Assignment: Within the listing below, give again exactly the lines between the one containing "Material: plástico Dimensões: 14,7*" and the one containing "I had noted", inclusive, pictures left aside.

Records for this exercise section start

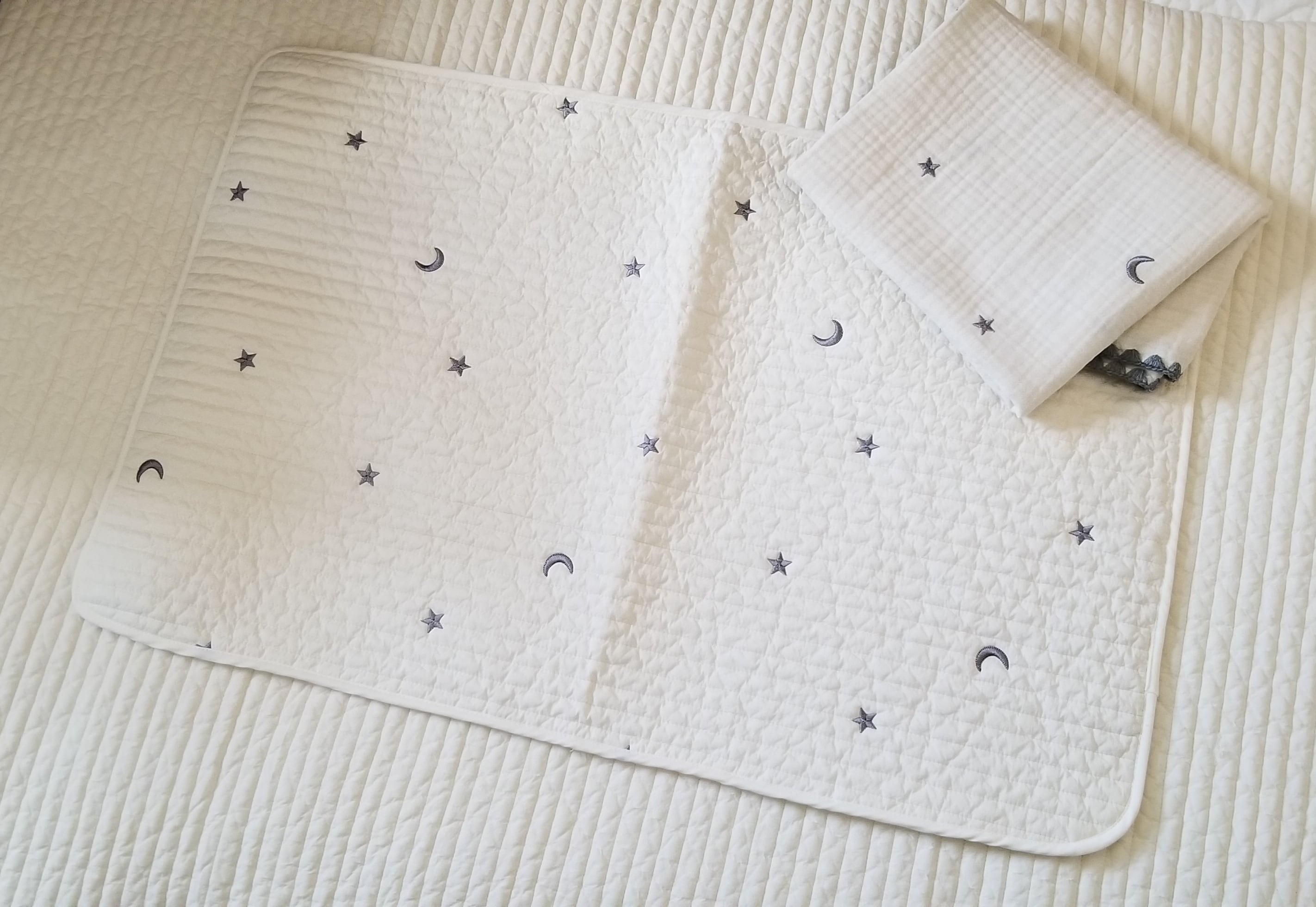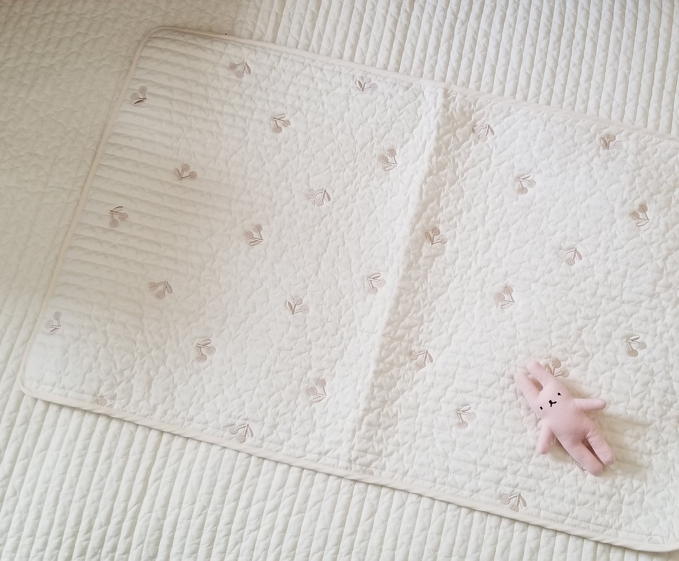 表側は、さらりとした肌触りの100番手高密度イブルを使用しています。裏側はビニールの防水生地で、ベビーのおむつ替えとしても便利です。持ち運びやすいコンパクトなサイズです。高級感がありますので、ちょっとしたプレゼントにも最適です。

Records for this exercise section end
Records for this exercise section start

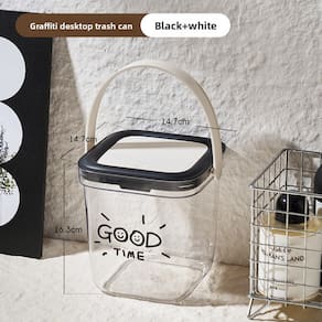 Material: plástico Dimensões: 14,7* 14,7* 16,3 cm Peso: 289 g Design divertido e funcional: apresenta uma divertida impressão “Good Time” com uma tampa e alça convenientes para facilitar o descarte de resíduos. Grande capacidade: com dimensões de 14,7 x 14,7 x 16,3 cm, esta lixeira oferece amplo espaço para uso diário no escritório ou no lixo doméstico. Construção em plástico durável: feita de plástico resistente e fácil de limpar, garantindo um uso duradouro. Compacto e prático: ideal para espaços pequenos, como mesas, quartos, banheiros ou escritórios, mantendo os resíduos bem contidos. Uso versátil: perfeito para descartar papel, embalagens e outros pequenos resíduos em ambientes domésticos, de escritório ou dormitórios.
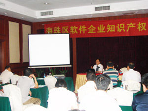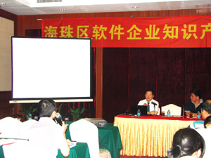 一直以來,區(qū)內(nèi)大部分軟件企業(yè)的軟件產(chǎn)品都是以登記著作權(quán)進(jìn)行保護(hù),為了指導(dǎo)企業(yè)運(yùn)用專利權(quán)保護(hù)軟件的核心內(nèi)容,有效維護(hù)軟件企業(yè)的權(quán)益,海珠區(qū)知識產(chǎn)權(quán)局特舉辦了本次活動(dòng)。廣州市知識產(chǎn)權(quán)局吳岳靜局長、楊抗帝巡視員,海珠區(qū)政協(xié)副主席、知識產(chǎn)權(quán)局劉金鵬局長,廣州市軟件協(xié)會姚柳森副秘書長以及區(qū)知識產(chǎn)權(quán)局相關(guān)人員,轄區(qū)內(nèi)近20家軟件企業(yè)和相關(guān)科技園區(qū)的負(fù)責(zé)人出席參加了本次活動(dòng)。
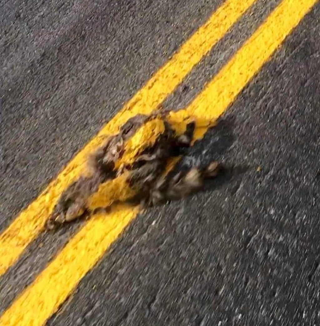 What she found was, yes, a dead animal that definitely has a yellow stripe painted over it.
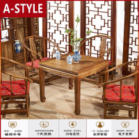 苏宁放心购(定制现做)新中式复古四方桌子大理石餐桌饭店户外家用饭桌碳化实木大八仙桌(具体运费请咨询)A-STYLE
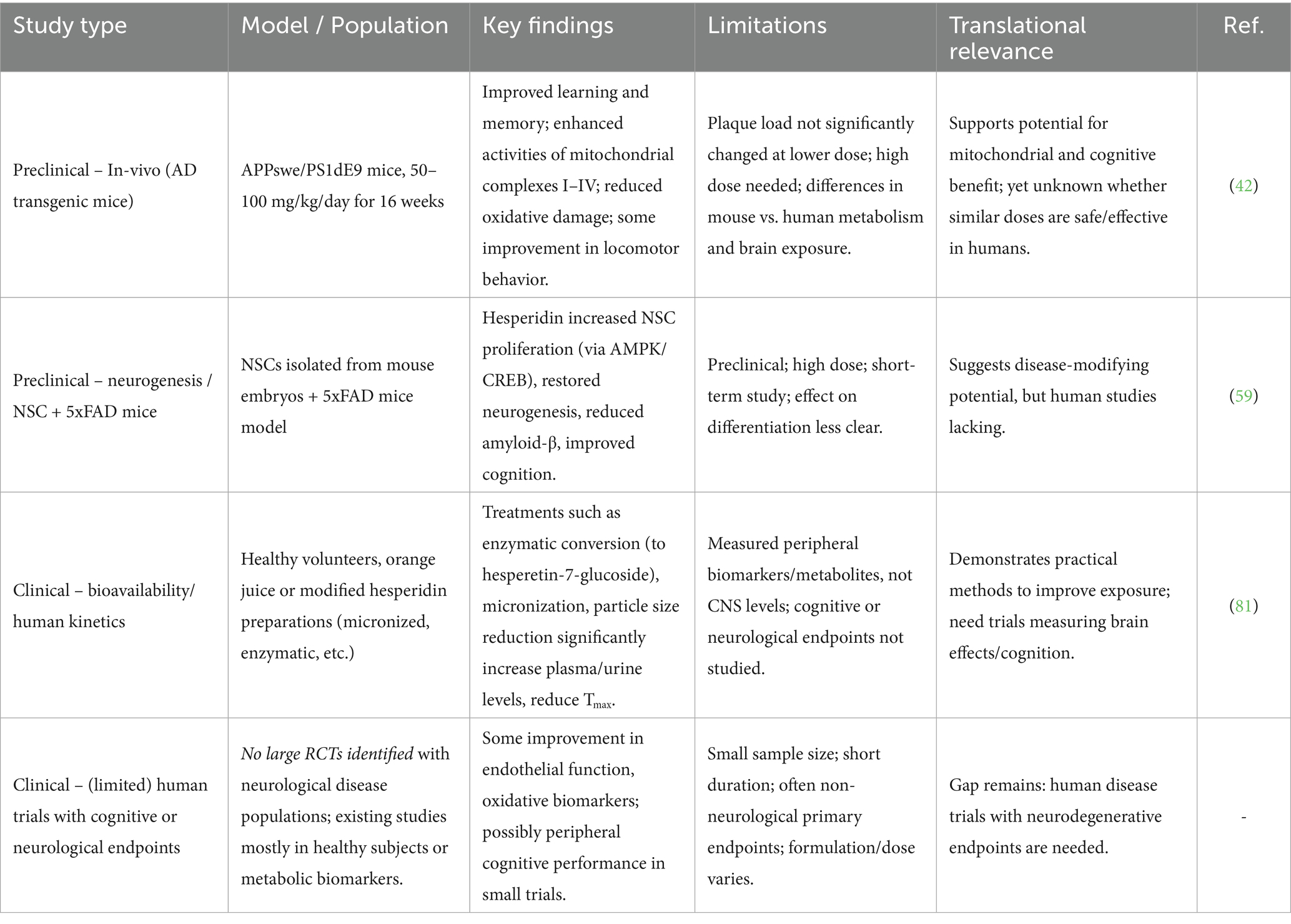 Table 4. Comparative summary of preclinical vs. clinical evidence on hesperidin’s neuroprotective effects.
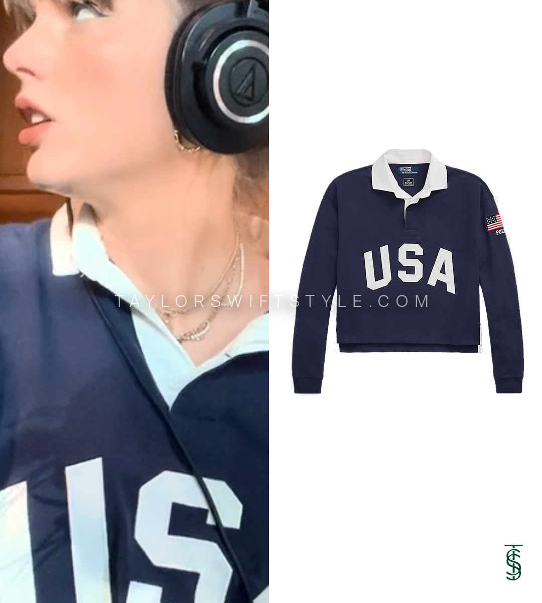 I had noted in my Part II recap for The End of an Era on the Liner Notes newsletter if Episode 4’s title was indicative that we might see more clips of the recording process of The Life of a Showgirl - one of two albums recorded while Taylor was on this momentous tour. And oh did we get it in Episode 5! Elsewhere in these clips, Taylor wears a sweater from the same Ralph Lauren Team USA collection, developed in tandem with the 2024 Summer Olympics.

Records for this exercise section end
Records for this exercise section start

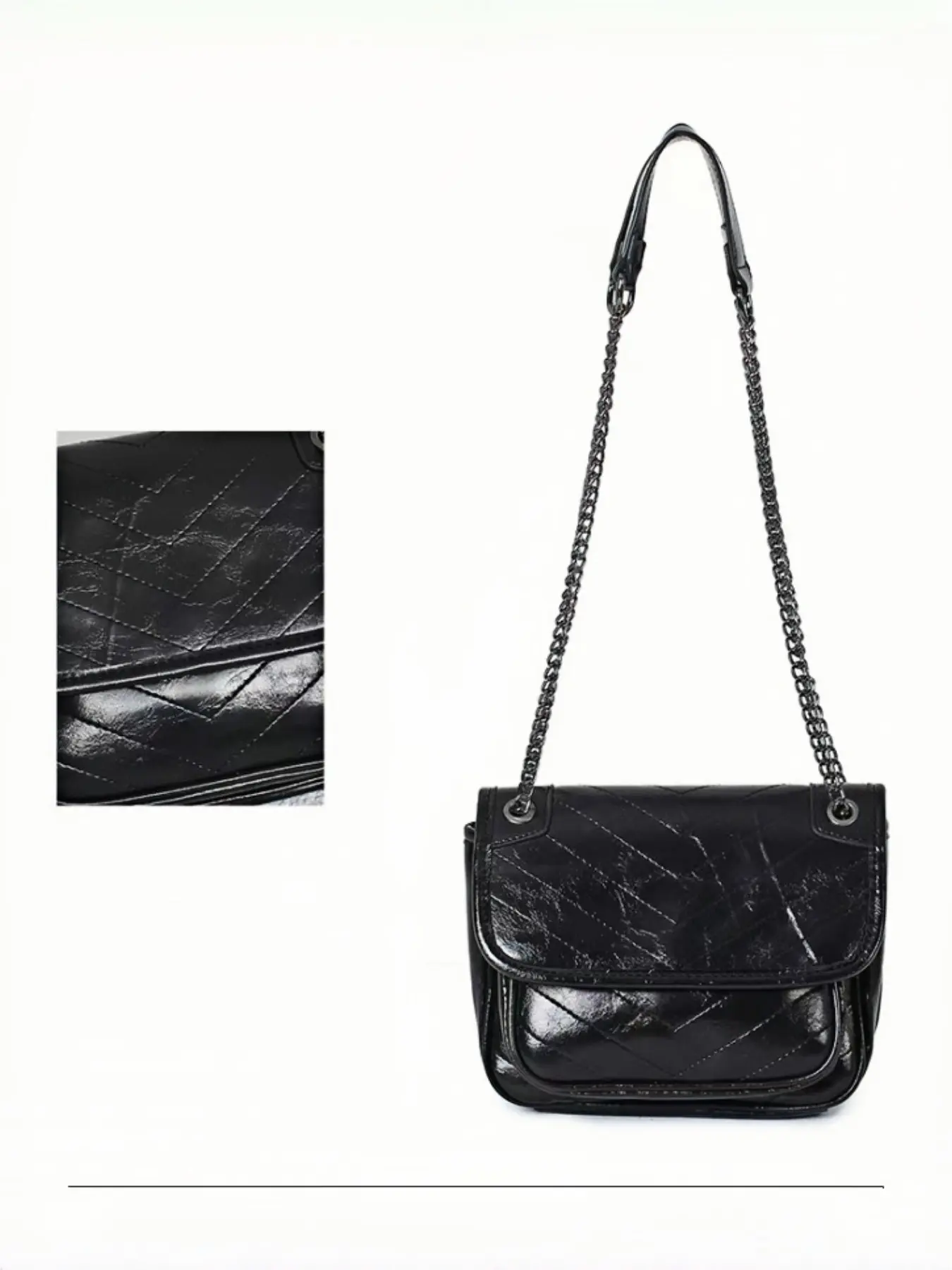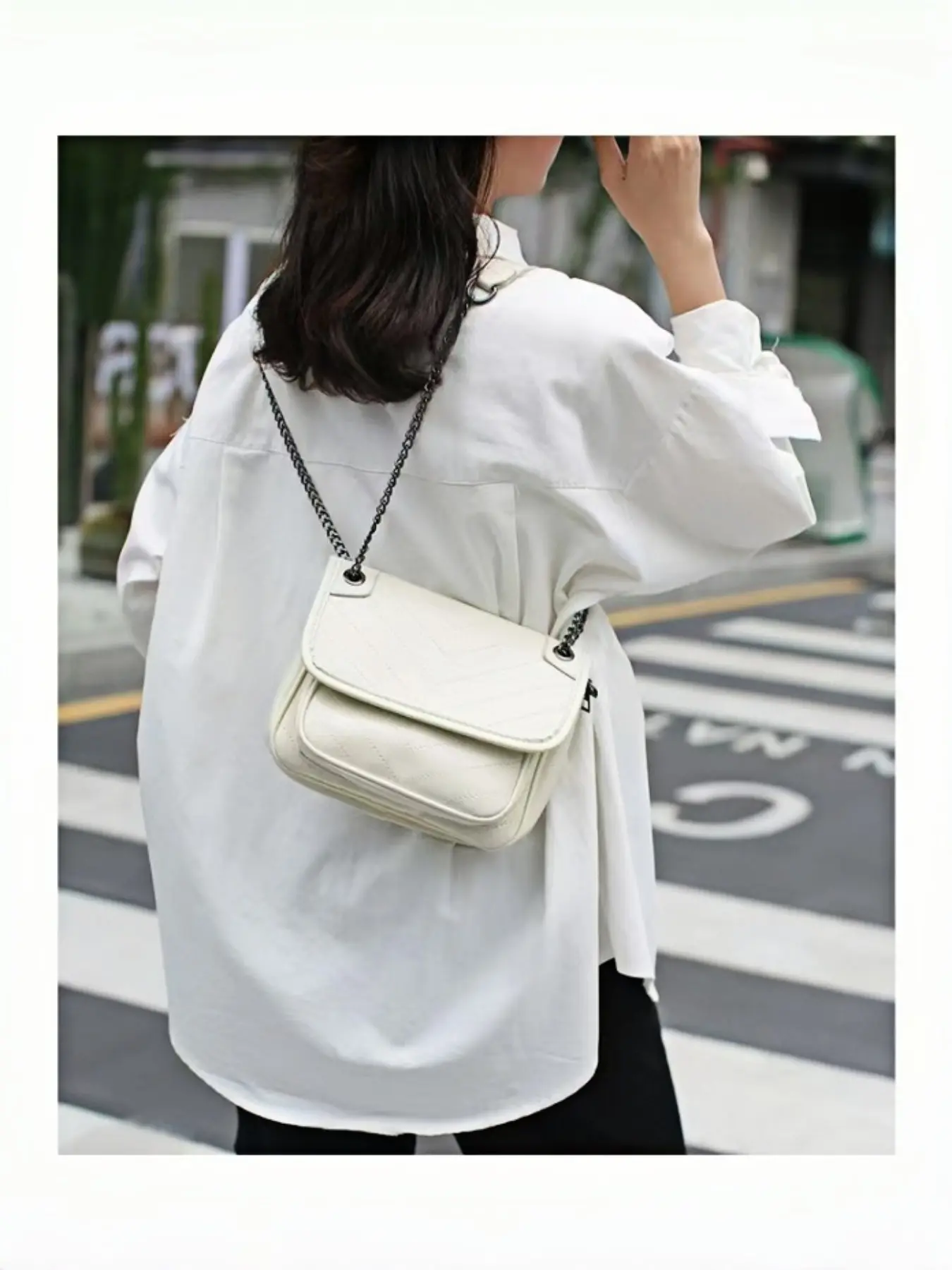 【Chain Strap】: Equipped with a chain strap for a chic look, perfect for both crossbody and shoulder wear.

Records for this exercise section end

Task result:
 Material: plástico Dimensões: 14,7* 14,7* 16,3 cm Peso: 289 g Design divertido e funcional: apresenta uma divertida impressão “Good Time” com uma tampa e alça convenientes para facilitar o descarte de resíduos. Grande capacidade: com dimensões de 14,7 x 14,7 x 16,3 cm, esta lixeira oferece amplo espaço para uso diário no escritório ou no lixo doméstico. Construção em plástico durável: feita de plástico resistente e fácil de limpar, garantindo um uso duradouro. Compacto e prático: ideal para espaços pequenos, como mesas, quartos, banheiros ou escritórios, mantendo os resíduos bem contidos. Uso versátil: perfeito para descartar papel, embalagens e outros pequenos resíduos em ambientes domésticos, de escritório ou dormitórios.
 一直以來,區(qū)內(nèi)大部分軟件企業(yè)的軟件產(chǎn)品都是以登記著作權(quán)進(jìn)行保護(hù),為了指導(dǎo)企業(yè)運(yùn)用專利權(quán)保護(hù)軟件的核心內(nèi)容,有效維護(hù)軟件企業(yè)的權(quán)益,海珠區(qū)知識產(chǎn)權(quán)局特舉辦了本次活動(dòng)。廣州市知識產(chǎn)權(quán)局吳岳靜局長、楊抗帝巡視員,海珠區(qū)政協(xié)副主席、知識產(chǎn)權(quán)局劉金鵬局長,廣州市軟件協(xié)會姚柳森副秘書長以及區(qū)知識產(chǎn)權(quán)局相關(guān)人員,轄區(qū)內(nèi)近20家軟件企業(yè)和相關(guān)科技園區(qū)的負(fù)責(zé)人出席參加了本次活動(dòng)。
 What she found was, yes, a dead animal that definitely has a yellow stripe painted over it.
 苏宁放心购(定制现做)新中式复古四方桌子大理石餐桌饭店户外家用饭桌碳化实木大八仙桌(具体运费请咨询)A-STYLE
 Table 4. Comparative summary of preclinical vs. clinical evidence on hesperidin’s neuroprotective effects.
 I had noted in my Part II recap for The End of an Era on the Liner Notes newsletter if Episode 4’s title was indicative that we might see more clips of the recording process of The Life of a Showgirl - one of two albums recorded while Taylor was on this momentous tour. And oh did we get it in Episode 5! Elsewhere in these clips, Taylor wears a sweater from the same Ralph Lauren Team USA collection, developed in tandem with the 2024 Summer Olympics.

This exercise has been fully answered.